## RECORDS PROVIDED

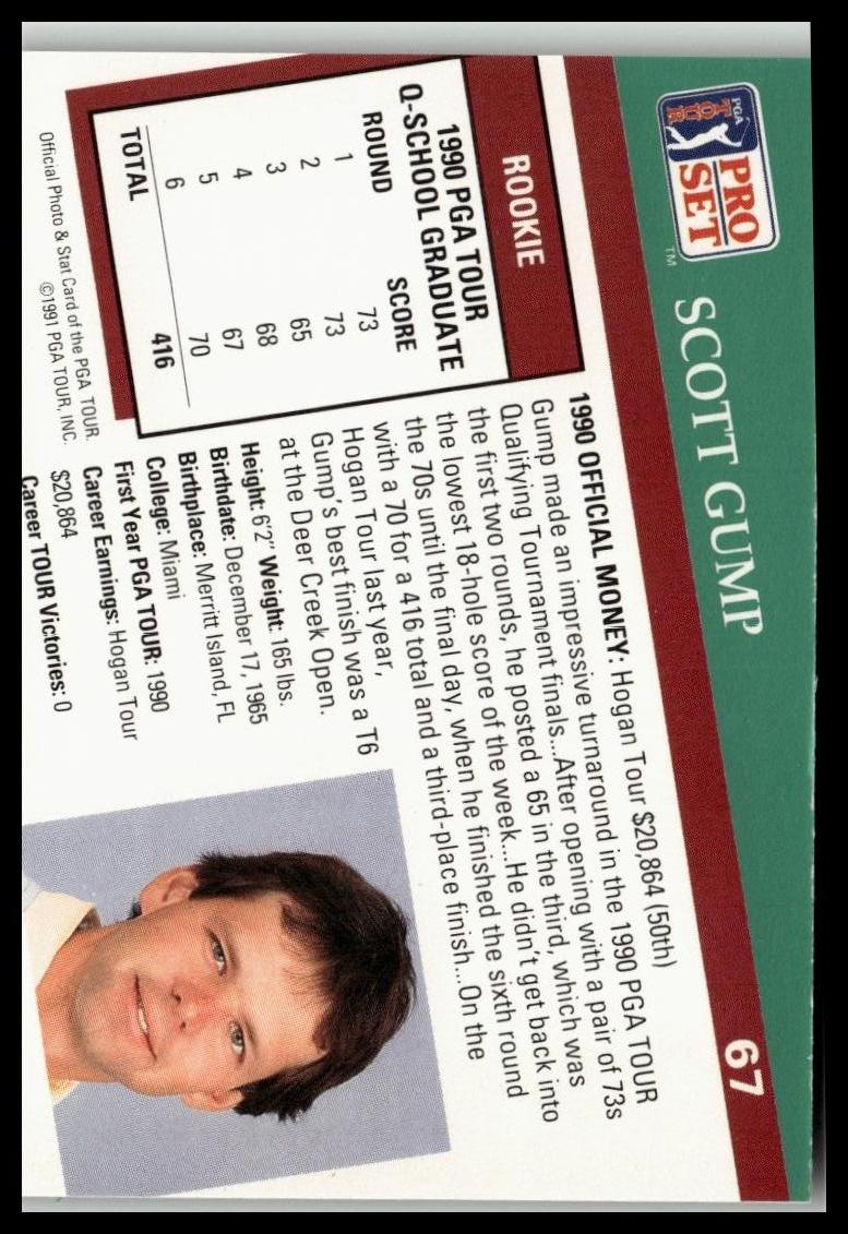 Golf Singles 1991 Pro Set PGA Tour #67 features Scott Gump, highlighting his professional golf career during the 1991 season. This card provides detailed statistics and career insights, making it a valuable collectible for expert enthusiasts focused on authentic PGA Tour memorabilia. Its quality and preservation contribute to its significance within vintage golf card collections.
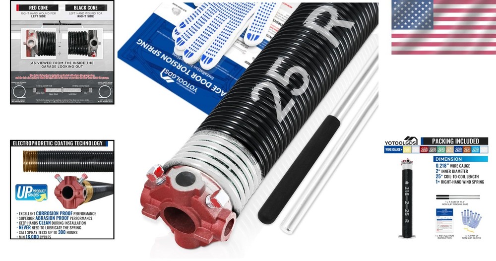 Heavy Duty 2" Garage Door Torsion Spring with Non-Slip Bars & Gloves Included ‹ › ‹ › ‹ › ‹ › ‹ › ‹ › ‹ › ‹ › ‹ › Heavy Duty Garage Door Torsion Spring Your trusted garage door solution features a powerful combination of strength, safety, and ease of installation. Ideal for those looking to enhance their garage experience with a top-tier replacement spring. Product Specifications: Type: Right Hand Wound Replacement for Left Side (Red Cone) Dimensions: 0.218” wire size x 2” inside dimension x 25” length Packaging: Single Pack Included in the Package: 1 x Heavy Duty Garage Door Torsion Spring A pair of 17.2’’ Non-Slip Winding Bars Protective Gloves for safe handling Comprehensive Installation Instructions Key Features: Constructed from heat-treated professional spring steel coils for extreme durability. Aluminum cones provide added strength and longevity. Advanced electrophoretic coating ensures excellent corrosion and abrasion resistance. Tested for salt spray resilience up to 300 hours and a minimum lifespan of 16,000 cycles. No need for lubrication, keeping your hands clean during installation. Benefits: Heavy-duty construction guarantees reliable performance and longevity. Simple and quick installation process saves both time and money. Comprehensive package ensures you have everything needed to get started. Enhanced safety features make handling easier and safer. Why Choose This Torsion Spring? Investing in a Heavy Duty Garage Door Torsion Spring means choosing peace of mind and reliability for your garage. This meticulously engineered product is designed for those who value strength and safety. With immediate benefits from a simple installation process, you can ensure your garage door operates smoothly for to come. Don’t compromise on quality - equip your garage with our Heavy Duty Torsion Spring today and experience a seamless upgrade! Shipping Free & Fast Shipping - We offer free shipping to most of the USA with a normal delivery time of 3-7 days. However, due to the current situation, additional delivery time (up to 3 weeks) may be required for some items. Alternative Carriers - We may use alternative carriers (e.g. USPS, FedEx, UPS, etc.) to ensure your package arrives safely and on time. Due to the use of multiple carriers, we are unable to provide a tracking number automatically. Handling Time - Orders are processed and shipped within 1-2 business days of receiving cleared payment. Shipping Restrictions - Shipping to Alaska, Hawaii, Puerto Rico, Guam, and other US territories may incur shipping charges or delivery restrictions. Please contact us before ordering, or your order can be refunded/cancelled. State Restrictions - There may be restrictions based on your state of purchase. For example, certain items may not be shipped to California due to state regulations. Contact for Tracking Updates - If you require tracking updates or have any concerns about the delivery of your order, please feel free to contact us, and we will be happy to assist you. Return 30-Day Hassle-Free Returns - We want you to be completely satisfied with your purchase. If you are not, you can return the item within 30 days of receiving it for a full refund or exchange. Easy Return Process - To start a return, simply contact us and we will provide you with a prepaid return shipping label and detailed instructions. Restocking Fee - There are no restocking fees for returns. However, the buyer is responsible for return shipping costs if the return is not due to a seller's error. Refund Processing Time - Refunds will be processed within 5 business days of receiving the returned item in its condition. Payment We accept all major credit cards, PayPal, and Apple Pay for your convenience. Your payment information is secure and encrypted to ensure a safe and seamless transaction. Please complete your payment within 3 days of purchase to avoid any delays in shipping. Feedback Your feedback is extremely important to us. We strive to provide the best products and customer service possible. If you are satisfied with your purchase, please take a moment to leave us a positive review. If you have any concerns or issues with your order, please contact us before leaving negative feedback. We are committed to resolving any problems and ensuring your satisfaction. Contact Us If you have any questions or concerns, please feel free to out to our customer support team. You can contact us through the eBay messaging system. We are available Monday to Friday, 9:00 am to 5:00 pm EST, and we will do our best to respond to your inquiry within 24 hours. Buy it now and enjoy a pleasant shopping experience! Item Depth: 3.32 inches Item Weight: 11.86 pounds Unit Quantity: 1 Material: Aluminum,Steel Features: Corrosion Proof,Abrasion Proof,Heavy Duty,Non-Slip Winding Bars,Easy Installation Required Tools: No Tools Required Color: Black Type: Torsion Spring Operation: Manual Finish: Electrophoresis Coated Unit Type: lb
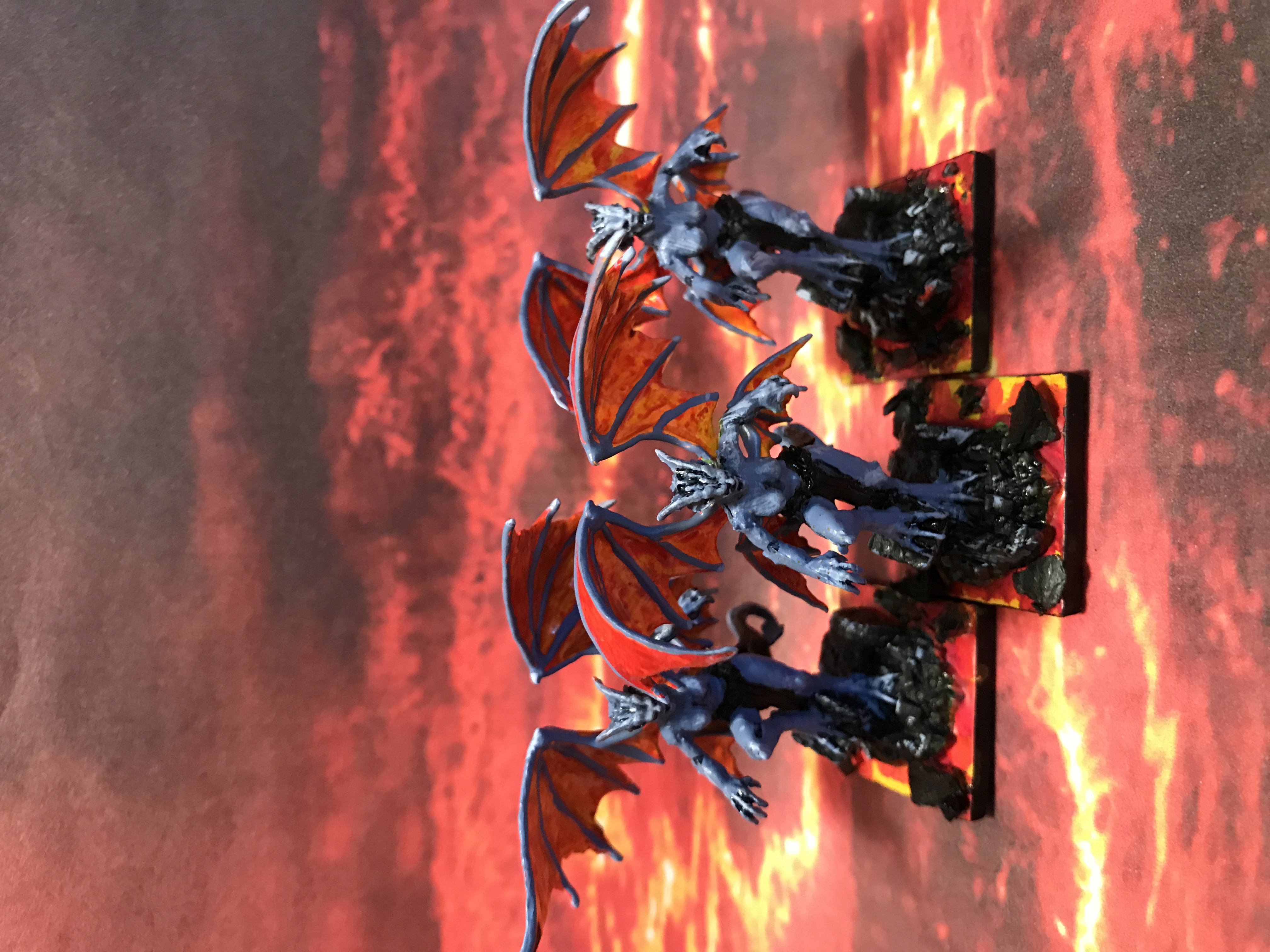 ok, time to start to show off some of my fruits of labour. I will start with 3 gargoyles that I did for my Kings of War: Vanguard Abyssals warband.
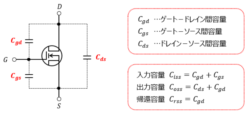 具体的には、入力容量・出力容量・帰還容量という3種類の寄生容量がスイッチング特性に影響します。
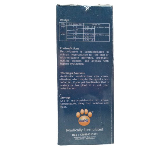 Obat Diare Kucing / Anjing Obat Diare Kucing Tetes Obat Mencret Kucing Merk : Pet Metronidazole / Diarrhea Medication Raid All Ukuran : 20 ml Cara pemakaian tergantung berat badan, Untuk anjing : berat badan 1 - 5 kg : 0.25 - 1 ml berat badan 5 - 10 kg : 0,5 - 2,5 ml berat badan > 10 kg : 1 - 3 ml diberikan 1 - 4 kali sehari (tergantung kondisinya) untuk kucing : berat badan < 2.5 kg : 0.25 - 0.75 ml berat badan 2.5 5 kg : 0.5 - 1.0 ml berat badan > 5 kg : 0.75 - 1.5 ml diberikan 1 - 2 kali sehari (tergantung kondisinya)
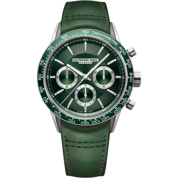 Die Raymond Weil® Chronograph 'Freelancer' Herrenuhr 7741-SC7-52021 verkörpert die Verschmelzung von Kunstfertigkeit und Präzision, ein Zeugnis des angesehenen Handwerks, das mit der Marke Raymond Weil verbunden ist. Dieses bemerkenswerte Zeitwerk, entworfen für den modernen Mann, besticht durch ein kühnes und fesselndes grünes Zifferblatt, das Anmut ausstrahlt. Das automatische Uhrwerk sorgt für eine zuverlässige Leistung und ist mit einem Gehäuse aus Edelstahl ausgestattet, das fachmännisch einen Durchmesser von 43,5 mm und eine Dicke von 14 mm misst. Der runde Gehäusestil unterstreicht seinen klassischen Reiz, während das lebhafte grüne Armband aus hochwertigem Leder einen zusätzlichen Hauch von Eleganz verleiht. Mit einer Bandlänge von 21 cm und einer Anstoßhöhe von 51 mm bietet es einen komfortablen Sitz für den täglichen Gebrauch. Diese Uhr verfügt über eine Schließe, die eine Deployment-Schließe ist und dafür sorgt, dass sie sicher am Handgelenk bleibt. Für Vielseitigkeit ist der 'Freelancer' mit einer Tachymeterlünette ausgestattet, die es ermöglicht, Geschwindigkeit basierend auf Zeit und Distanz zu messen. Darüber hinaus ist sie mit einem Chronographen-Display ausgestattet, das leuchtende Zeiger für die Ablesbarkeit bei schlechten Lichtverhältnissen bietet. Mit einer beeindruckenden Wasserdichtigkeit von bis zu 10 Bar ist dieses Zeitwerk nicht nur schön; es kann den Herausforderungen des täglichen Lebens standhalten und behält dennoch sein makelloses Erscheinungsbild. Das Saphirglas-Zifferblatt sorgt für Kratzfestigkeit und bestätigt, dass diese Uhr darauf ausgelegt ist, die Zeit zu überdauern.Shop Raymond Weil® Chronograph 'Freelancer' Herrenuhr 7741-SC7-52021 bei Ormoda
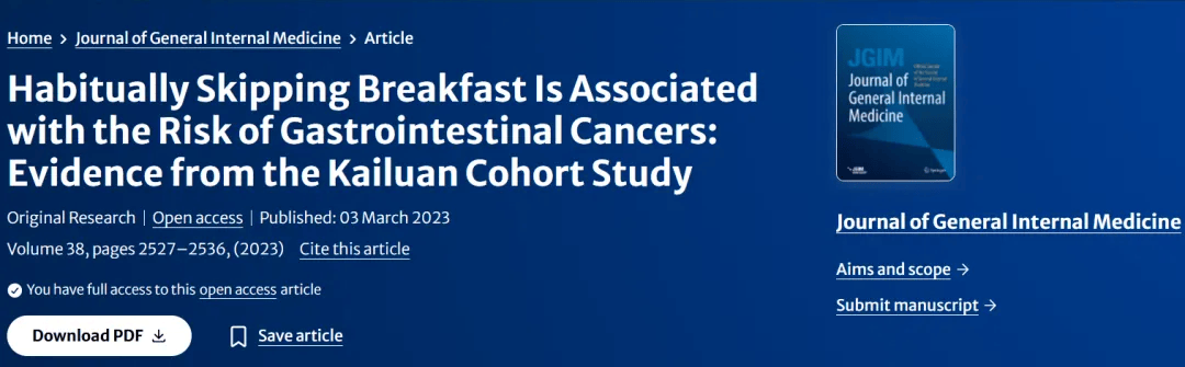 2023年,国际期刊《普通内科杂志》上刊发了一项针对6万多参与者的研究,结论直白又扎心: 几乎不吃早餐的人,多个部位的消化道肿瘤(如食管、胃、结直肠、肝胆系统等)发生率,显著高于规律吃早餐的人。 ①
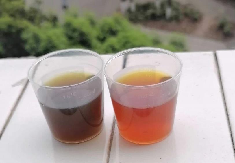 图2. 尿卟胆原日晒检测样品,左侧为阳光暴晒后的呈深棕的尿液,右侧为初始尿液
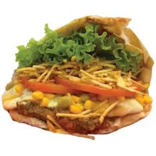 Filê de frango, queijo, presunto, alface, tomate, milho, bacon e maionese.
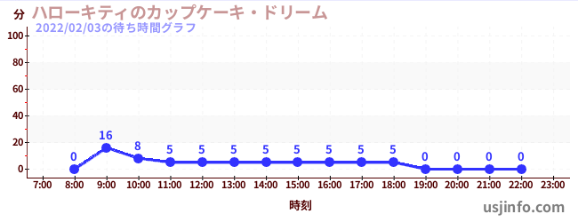 • ハローキティのカップケーキ・ドリーム$B$N(B2022年02月03日の待ち時間

## EXERCISE INSTRUCTIONS
Output the entries above exactly. Drop the pictures.

## WORKED SOLUTION
 Golf Singles 1991 Pro Set PGA Tour #67 features Scott Gump, highlighting his professional golf career during the 1991 season. This card provides detailed statistics and career insights, making it a valuable collectible for expert enthusiasts focused on authentic PGA Tour memorabilia. Its quality and preservation contribute to its significance within vintage golf card collections.
 Heavy Duty 2" Garage Door Torsion Spring with Non-Slip Bars & Gloves Included ‹ › ‹ › ‹ › ‹ › ‹ › ‹ › ‹ › ‹ › ‹ › Heavy Duty Garage Door Torsion Spring Your trusted garage door solution features a powerful combination of strength, safety, and ease of installation. Ideal for those looking to enhance their garage experience with a top-tier replacement spring. Product Specifications: Type: Right Hand Wound Replacement for Left Side (Red Cone) Dimensions: 0.218” wire size x 2” inside dimension x 25” length Packaging: Single Pack Included in the Package: 1 x Heavy Duty Garage Door Torsion Spring A pair of 17.2’’ Non-Slip Winding Bars Protective Gloves for safe handling Comprehensive Installation Instructions Key Features: Constructed from heat-treated professional spring steel coils for extreme durability. Aluminum cones provide added strength and longevity. Advanced electrophoretic coating ensures excellent corrosion and abrasion resistance. Tested for salt spray resilience up to 300 hours and a minimum lifespan of 16,000 cycles. No need for lubrication, keeping your hands clean during installation. Benefits: Heavy-duty construction guarantees reliable performance and longevity. Simple and quick installation process saves both time and money. Comprehensive package ensures you have everything needed to get started. Enhanced safety features make handling easier and safer. Why Choose This Torsion Spring? Investing in a Heavy Duty Garage Door Torsion Spring means choosing peace of mind and reliability for your garage. This meticulously engineered product is designed for those who value strength and safety. With immediate benefits from a simple installation process, you can ensure your garage door operates smoothly for to come. Don’t compromise on quality - equip your garage with our Heavy Duty Torsion Spring today and experience a seamless upgrade! Shipping Free & Fast Shipping - We offer free shipping to most of the USA with a normal delivery time of 3-7 days. However, due to the current situation, additional delivery time (up to 3 weeks) may be required for some items. Alternative Carriers - We may use alternative carriers (e.g. USPS, FedEx, UPS, etc.) to ensure your package arrives safely and on time. Due to the use of multiple carriers, we are unable to provide a tracking number automatically. Handling Time - Orders are processed and shipped within 1-2 business days of receiving cleared payment. Shipping Restrictions - Shipping to Alaska, Hawaii, Puerto Rico, Guam, and other US territories may incur shipping charges or delivery restrictions. Please contact us before ordering, or your order can be refunded/cancelled. State Restrictions - There may be restrictions based on your state of purchase. For example, certain items may not be shipped to California due to state regulations. Contact for Tracking Updates - If you require tracking updates or have any concerns about the delivery of your order, please feel free to contact us, and we will be happy to assist you. Return 30-Day Hassle-Free Returns - We want you to be completely satisfied with your purchase. If you are not, you can return the item within 30 days of receiving it for a full refund or exchange. Easy Return Process - To start a return, simply contact us and we will provide you with a prepaid return shipping label and detailed instructions. Restocking Fee - There are no restocking fees for returns. However, the buyer is responsible for return shipping costs if the return is not due to a seller's error. Refund Processing Time - Refunds will be processed within 5 business days of receiving the returned item in its condition. Payment We accept all major credit cards, PayPal, and Apple Pay for your convenience. Your payment information is secure and encrypted to ensure a safe and seamless transaction. Please complete your payment within 3 days of purchase to avoid any delays in shipping. Feedback Your feedback is extremely important to us. We strive to provide the best products and customer service possible. If you are satisfied with your purchase, please take a moment to leave us a positive review. If you have any concerns or issues with your order, please contact us before leaving negative feedback. We are committed to resolving any problems and ensuring your satisfaction. Contact Us If you have any questions or concerns, please feel free to out to our customer support team. You can contact us through the eBay messaging system. We are available Monday to Friday, 9:00 am to 5:00 pm EST, and we will do our best to respond to your inquiry within 24 hours. Buy it now and enjoy a pleasant shopping experience! Item Depth: 3.32 inches Item Weight: 11.86 pounds Unit Quantity: 1 Material: Aluminum,Steel Features: Corrosion Proof,Abrasion Proof,Heavy Duty,Non-Slip Winding Bars,Easy Installation Required Tools: No Tools Required Color: Black Type: Torsion Spring Operation: Manual Finish: Electrophoresis Coated Unit Type: lb
 ok, time to start to show off some of my fruits of labour. I will start with 3 gargoyles that I did for my Kings of War: Vanguard Abyssals warband.
 具体的には、入力容量・出力容量・帰還容量という3種類の寄生容量がスイッチング特性に影響します。
 Obat Diare Kucing / Anjing Obat Diare Kucing Tetes Obat Mencret Kucing Merk : Pet Metronidazole / Diarrhea Medication Raid All Ukuran : 20 ml Cara pemakaian tergantung berat badan, Untuk anjing : berat badan 1 - 5 kg : 0.25 - 1 ml berat badan 5 - 10 kg : 0,5 - 2,5 ml berat badan > 10 kg : 1 - 3 ml diberikan 1 - 4 kali sehari (tergantung kondisinya) untuk kucing : berat badan < 2.5 kg : 0.25 - 0.75 ml berat badan 2.5 5 kg : 0.5 - 1.0 ml berat badan > 5 kg : 0.75 - 1.5 ml diberikan 1 - 2 kali sehari (tergantung kondisinya)
 Die Raymond Weil® Chronograph 'Freelancer' Herrenuhr 7741-SC7-52021 verkörpert die Verschmelzung von Kunstfertigkeit und Präzision, ein Zeugnis des angesehenen Handwerks, das mit der Marke Raymond Weil verbunden ist. Dieses bemerkenswerte Zeitwerk, entworfen für den modernen Mann, besticht durch ein kühnes und fesselndes grünes Zifferblatt, das Anmut ausstrahlt. Das automatische Uhrwerk sorgt für eine zuverlässige Leistung und ist mit einem Gehäuse aus Edelstahl ausgestattet, das fachmännisch einen Durchmesser von 43,5 mm und eine Dicke von 14 mm misst. Der runde Gehäusestil unterstreicht seinen klassischen Reiz, während das lebhafte grüne Armband aus hochwertigem Leder einen zusätzlichen Hauch von Eleganz verleiht. Mit einer Bandlänge von 21 cm und einer Anstoßhöhe von 51 mm bietet es einen komfortablen Sitz für den täglichen Gebrauch. Diese Uhr verfügt über eine Schließe, die eine Deployment-Schließe ist und dafür sorgt, dass sie sicher am Handgelenk bleibt. Für Vielseitigkeit ist der 'Freelancer' mit einer Tachymeterlünette ausgestattet, die es ermöglicht, Geschwindigkeit basierend auf Zeit und Distanz zu messen. Darüber hinaus ist sie mit einem Chronographen-Display ausgestattet, das leuchtende Zeiger für die Ablesbarkeit bei schlechten Lichtverhältnissen bietet. Mit einer beeindruckenden Wasserdichtigkeit von bis zu 10 Bar ist dieses Zeitwerk nicht nur schön; es kann den Herausforderungen des täglichen Lebens standhalten und behält dennoch sein makelloses Erscheinungsbild. Das Saphirglas-Zifferblatt sorgt für Kratzfestigkeit und bestätigt, dass diese Uhr darauf ausgelegt ist, die Zeit zu überdauern.Shop Raymond Weil® Chronograph 'Freelancer' Herrenuhr 7741-SC7-52021 bei Ormoda
 2023年,国际期刊《普通内科杂志》上刊发了一项针对6万多参与者的研究,结论直白又扎心: 几乎不吃早餐的人,多个部位的消化道肿瘤(如食管、胃、结直肠、肝胆系统等)发生率,显著高于规律吃早餐的人。 ①
 图2. 尿卟胆原日晒检测样品,左侧为阳光暴晒后的呈深棕的尿液,右侧为初始尿液
 Filê de frango, queijo, presunto, alface, tomate, milho, bacon e maionese.
 • ハローキティのカップケーキ・ドリーム$B$N(B2022年02月03日の待ち時間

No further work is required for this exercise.